=== Listed records ===
Start of Block

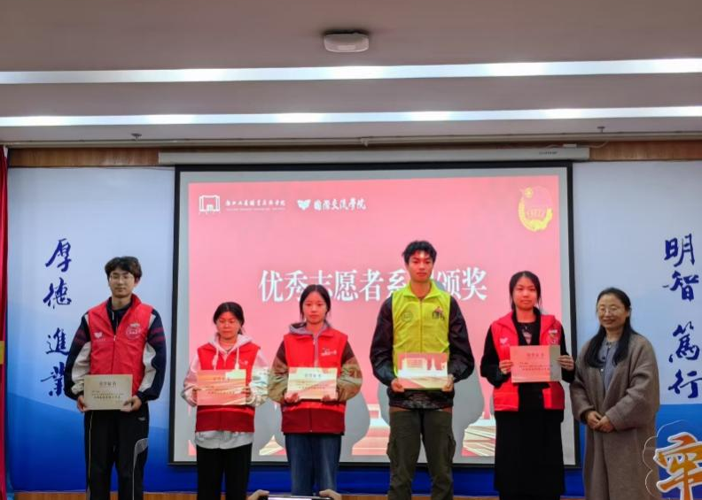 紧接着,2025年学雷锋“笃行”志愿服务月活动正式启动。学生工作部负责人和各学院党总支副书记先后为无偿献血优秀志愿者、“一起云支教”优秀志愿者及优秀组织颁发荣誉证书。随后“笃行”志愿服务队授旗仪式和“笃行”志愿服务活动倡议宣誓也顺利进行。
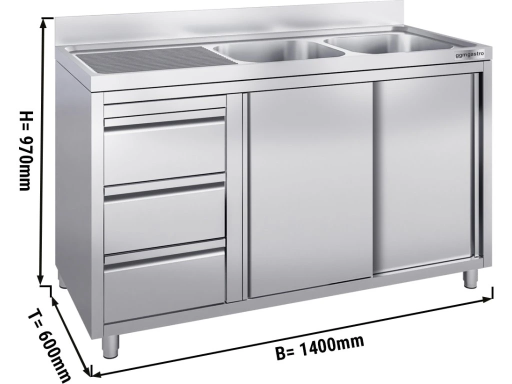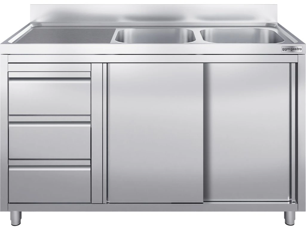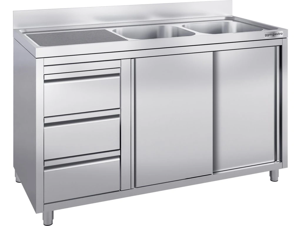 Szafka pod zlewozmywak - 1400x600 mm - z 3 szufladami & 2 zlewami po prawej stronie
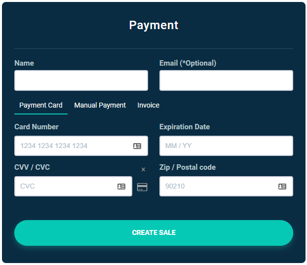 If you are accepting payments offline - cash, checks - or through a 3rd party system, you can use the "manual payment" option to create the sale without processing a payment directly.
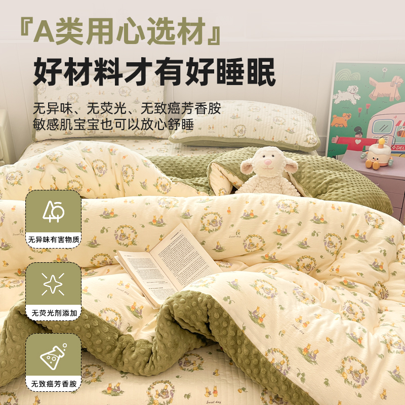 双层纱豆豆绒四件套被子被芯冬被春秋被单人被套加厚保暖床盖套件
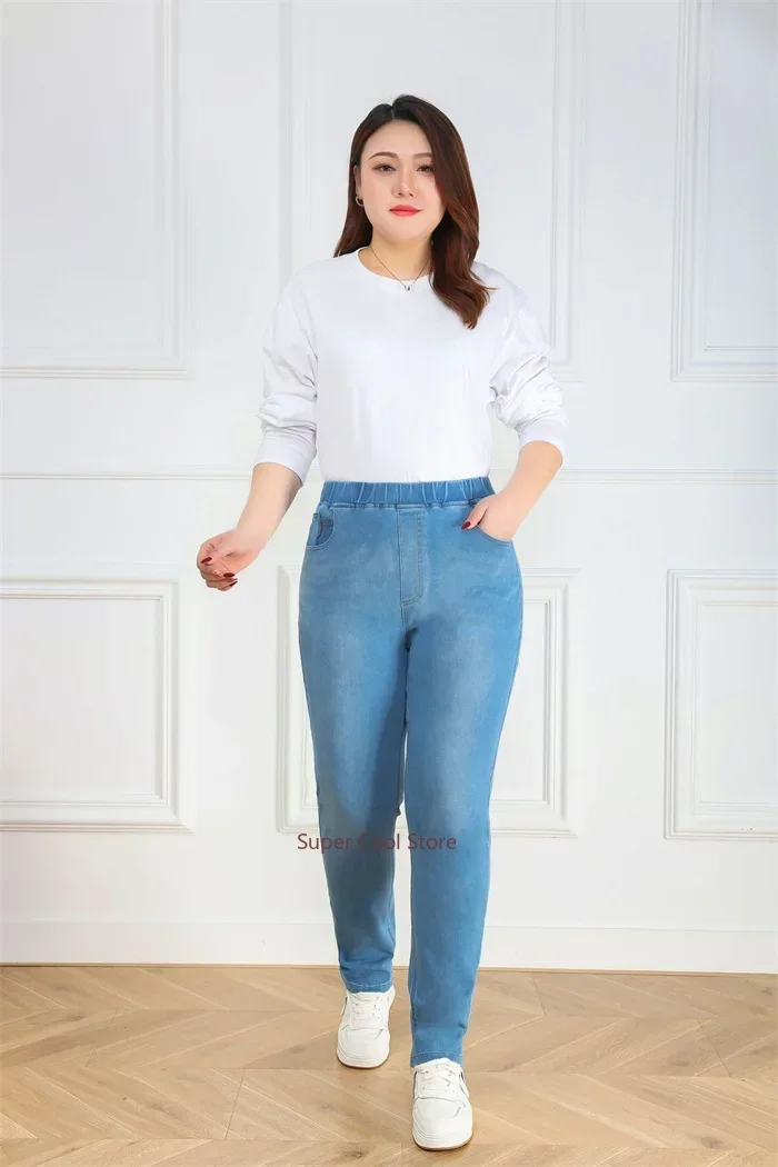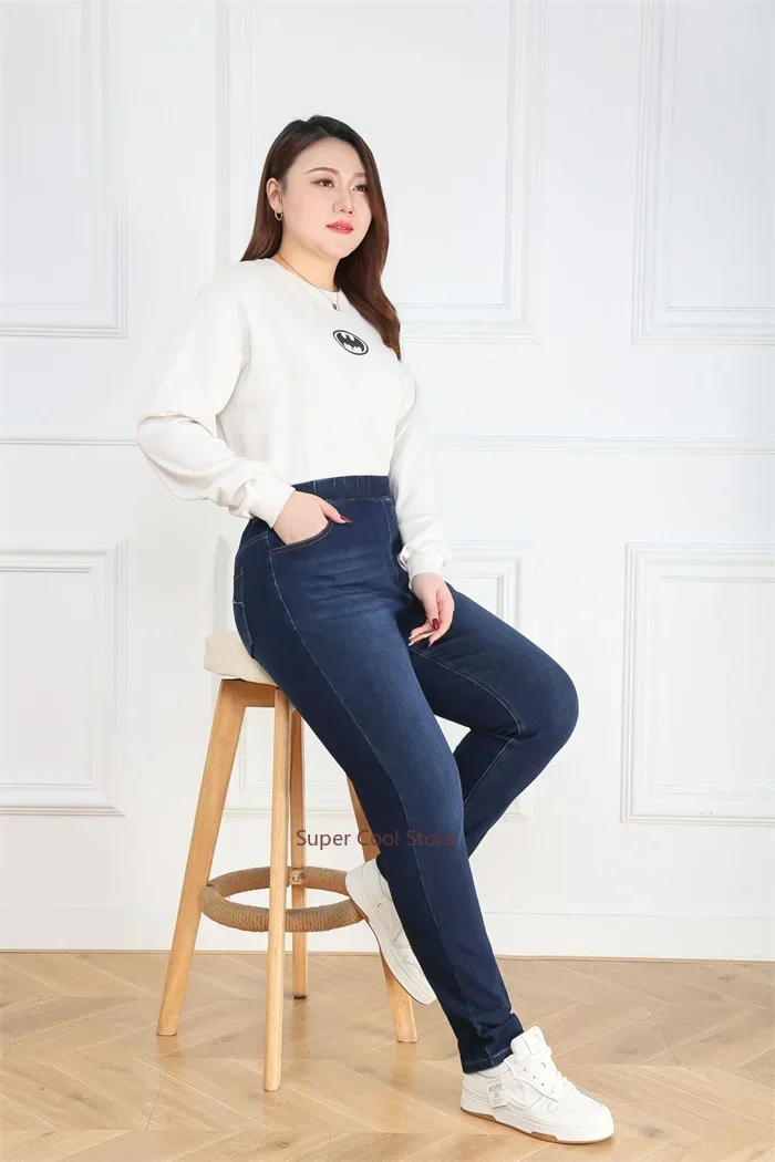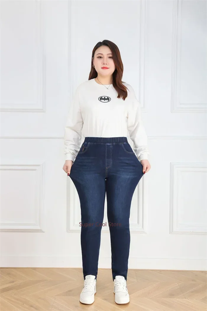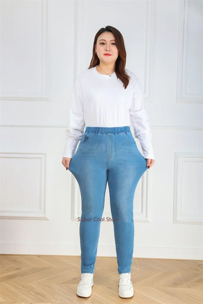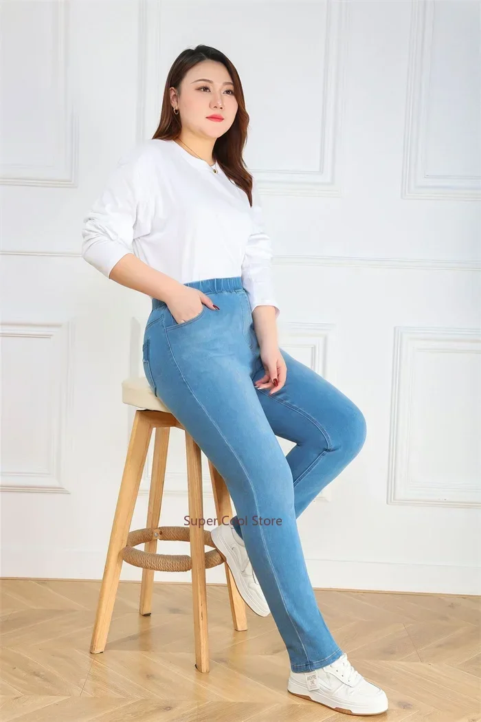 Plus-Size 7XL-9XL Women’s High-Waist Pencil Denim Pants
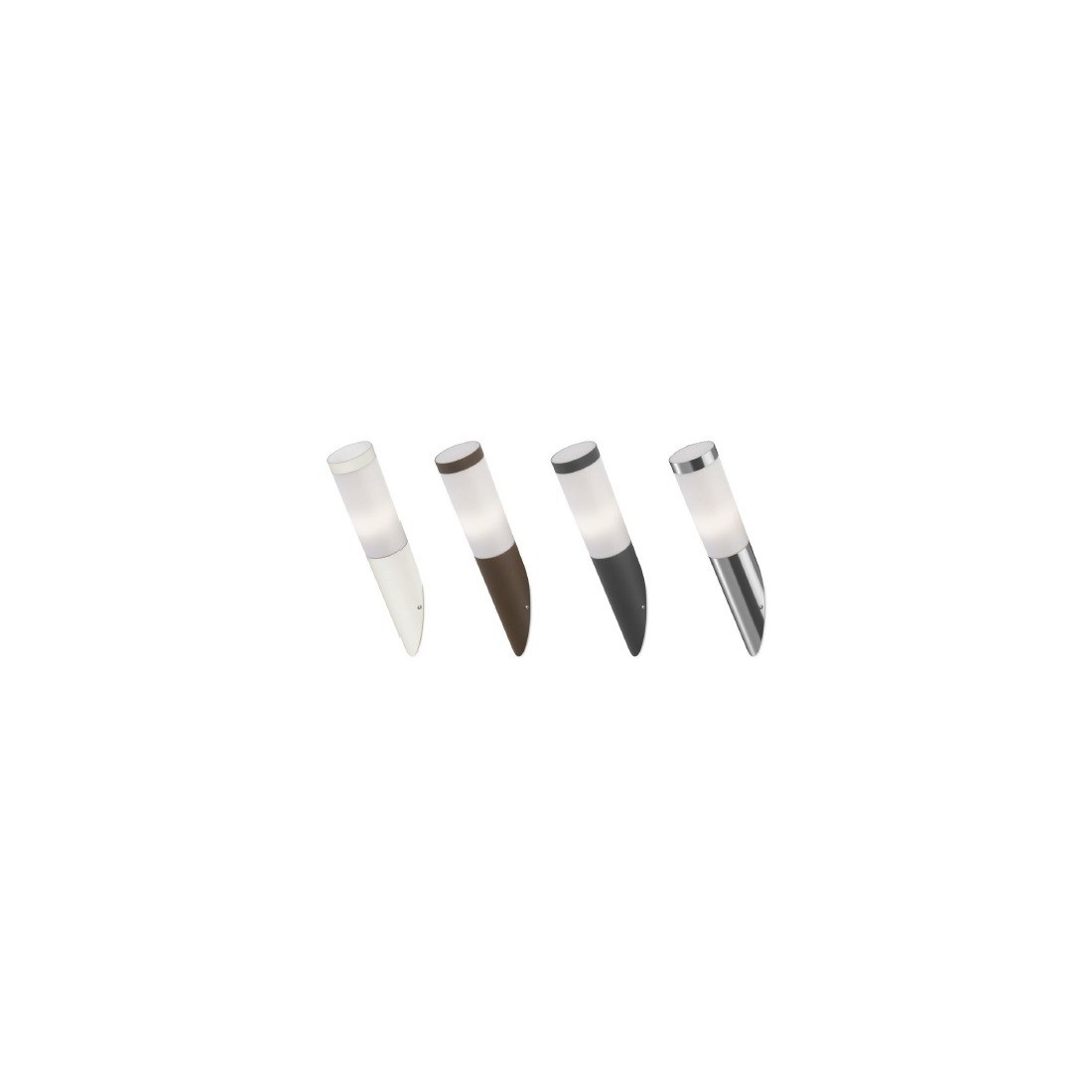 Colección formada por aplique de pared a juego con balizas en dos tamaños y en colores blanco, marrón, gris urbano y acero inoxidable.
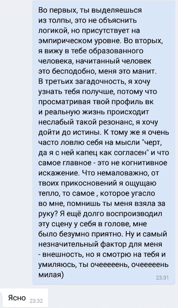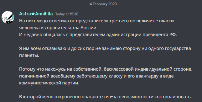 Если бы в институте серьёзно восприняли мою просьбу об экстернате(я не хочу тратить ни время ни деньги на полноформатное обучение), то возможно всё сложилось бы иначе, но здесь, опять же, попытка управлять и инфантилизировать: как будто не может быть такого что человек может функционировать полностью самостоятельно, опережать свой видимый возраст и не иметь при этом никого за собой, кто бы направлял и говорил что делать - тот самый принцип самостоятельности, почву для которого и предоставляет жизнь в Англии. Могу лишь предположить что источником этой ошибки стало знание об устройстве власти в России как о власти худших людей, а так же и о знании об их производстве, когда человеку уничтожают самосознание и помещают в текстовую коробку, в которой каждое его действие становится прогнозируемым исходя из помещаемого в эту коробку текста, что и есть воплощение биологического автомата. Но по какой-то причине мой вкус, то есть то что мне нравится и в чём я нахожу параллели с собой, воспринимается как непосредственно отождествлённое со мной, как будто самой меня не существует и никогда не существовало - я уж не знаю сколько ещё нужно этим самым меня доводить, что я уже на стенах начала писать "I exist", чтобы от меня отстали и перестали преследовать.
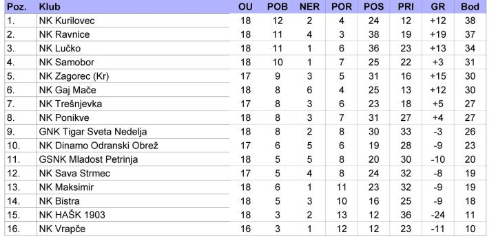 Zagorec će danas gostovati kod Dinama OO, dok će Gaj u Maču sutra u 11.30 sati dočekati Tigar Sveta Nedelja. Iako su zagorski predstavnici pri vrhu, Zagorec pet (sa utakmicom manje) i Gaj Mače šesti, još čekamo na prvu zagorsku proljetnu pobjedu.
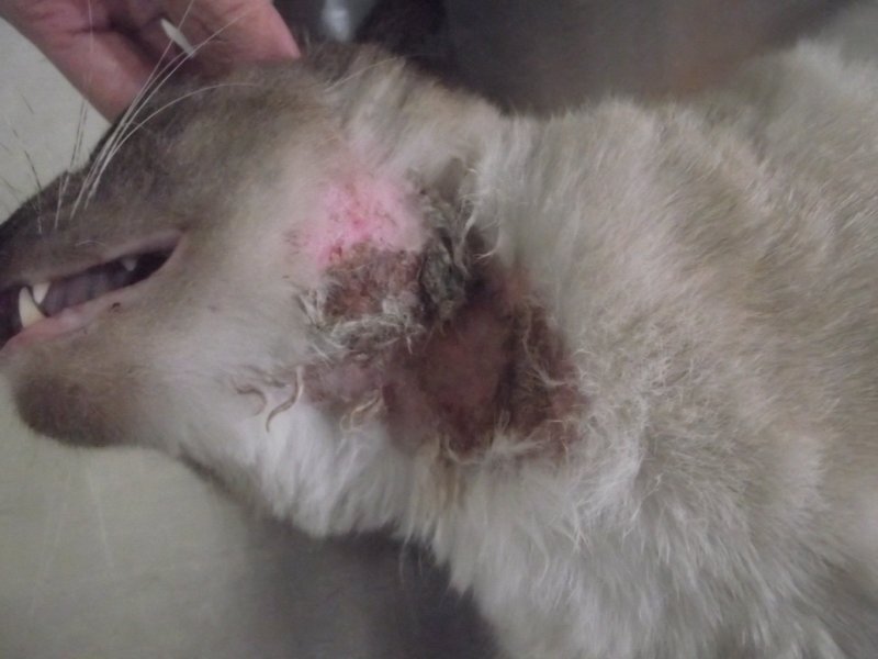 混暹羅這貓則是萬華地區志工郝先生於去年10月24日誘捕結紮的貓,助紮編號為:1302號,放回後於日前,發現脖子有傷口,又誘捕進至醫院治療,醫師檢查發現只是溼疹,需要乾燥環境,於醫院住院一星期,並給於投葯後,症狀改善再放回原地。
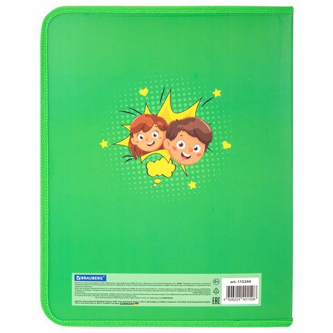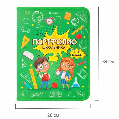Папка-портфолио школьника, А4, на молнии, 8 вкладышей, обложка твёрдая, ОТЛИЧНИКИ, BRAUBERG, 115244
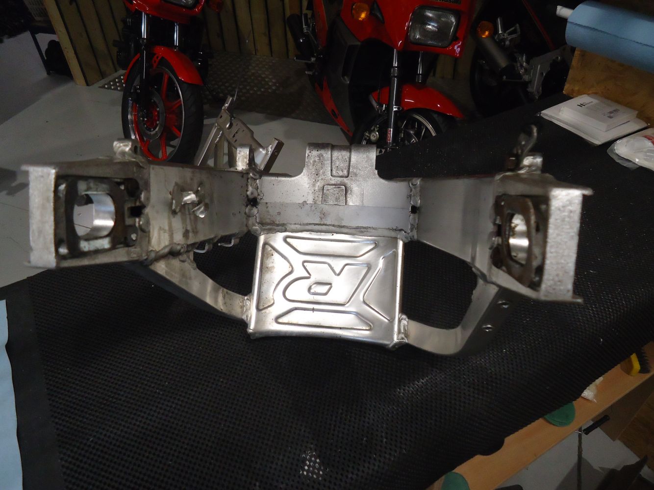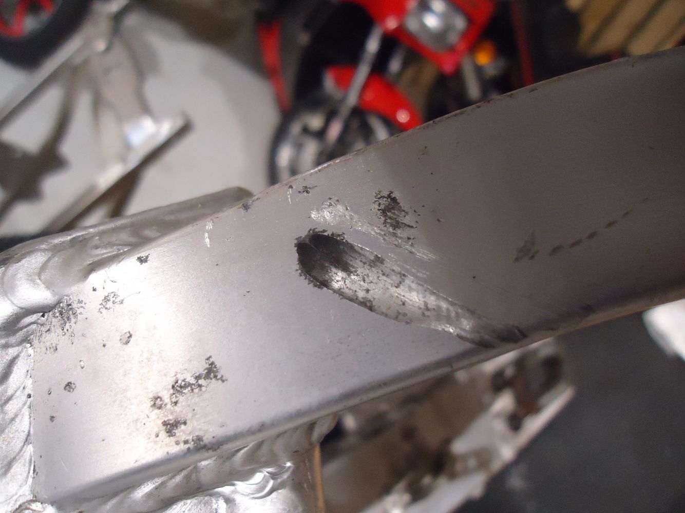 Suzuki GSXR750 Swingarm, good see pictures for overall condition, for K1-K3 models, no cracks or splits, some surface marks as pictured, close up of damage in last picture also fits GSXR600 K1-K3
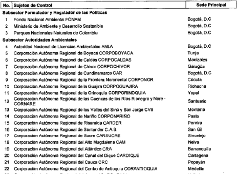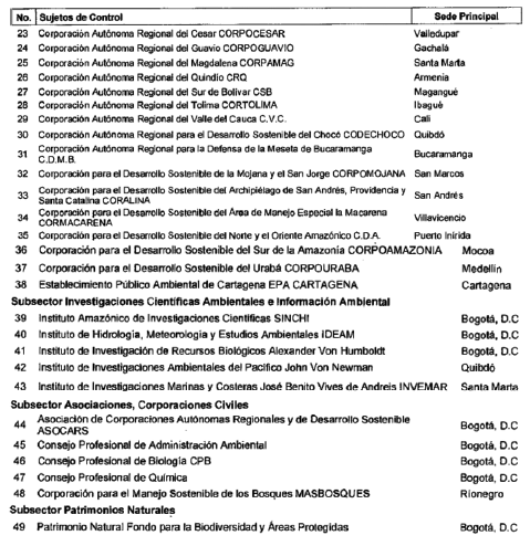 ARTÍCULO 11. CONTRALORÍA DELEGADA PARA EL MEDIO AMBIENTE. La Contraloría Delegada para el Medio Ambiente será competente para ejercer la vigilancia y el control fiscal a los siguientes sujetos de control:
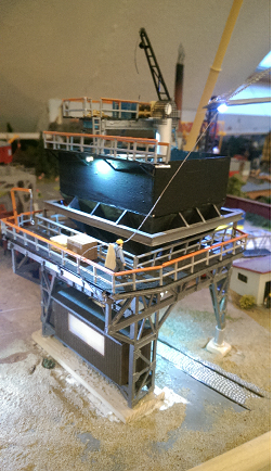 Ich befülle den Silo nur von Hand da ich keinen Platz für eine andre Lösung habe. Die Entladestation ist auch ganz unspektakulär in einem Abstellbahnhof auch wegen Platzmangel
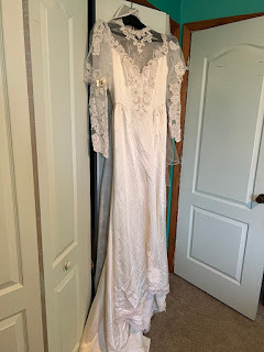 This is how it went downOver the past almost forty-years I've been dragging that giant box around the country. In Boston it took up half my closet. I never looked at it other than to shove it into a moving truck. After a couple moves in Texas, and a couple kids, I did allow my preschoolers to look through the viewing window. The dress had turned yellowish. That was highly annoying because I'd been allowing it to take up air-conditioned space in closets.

End of Block

=== Task directions ===
Each line from the first line of the listing above through the line containing "Colección formada por" is to be written out exactly, and the pictures are to be left out.

=== Answer space ===
 紧接着,2025年学雷锋“笃行”志愿服务月活动正式启动。学生工作部负责人和各学院党总支副书记先后为无偿献血优秀志愿者、“一起云支教”优秀志愿者及优秀组织颁发荣誉证书。随后“笃行”志愿服务队授旗仪式和“笃行”志愿服务活动倡议宣誓也顺利进行。
 Szafka pod zlewozmywak - 1400x600 mm - z 3 szufladami & 2 zlewami po prawej stronie
 If you are accepting payments offline - cash, checks - or through a 3rd party system, you can use the "manual payment" option to create the sale without processing a payment directly.
 双层纱豆豆绒四件套被子被芯冬被春秋被单人被套加厚保暖床盖套件
 Plus-Size 7XL-9XL Women’s High-Waist Pencil Denim Pants
 Colección formada por aplique de pared a juego con balizas en dos tamaños y en colores blanco, marrón, gris urbano y acero inoxidable.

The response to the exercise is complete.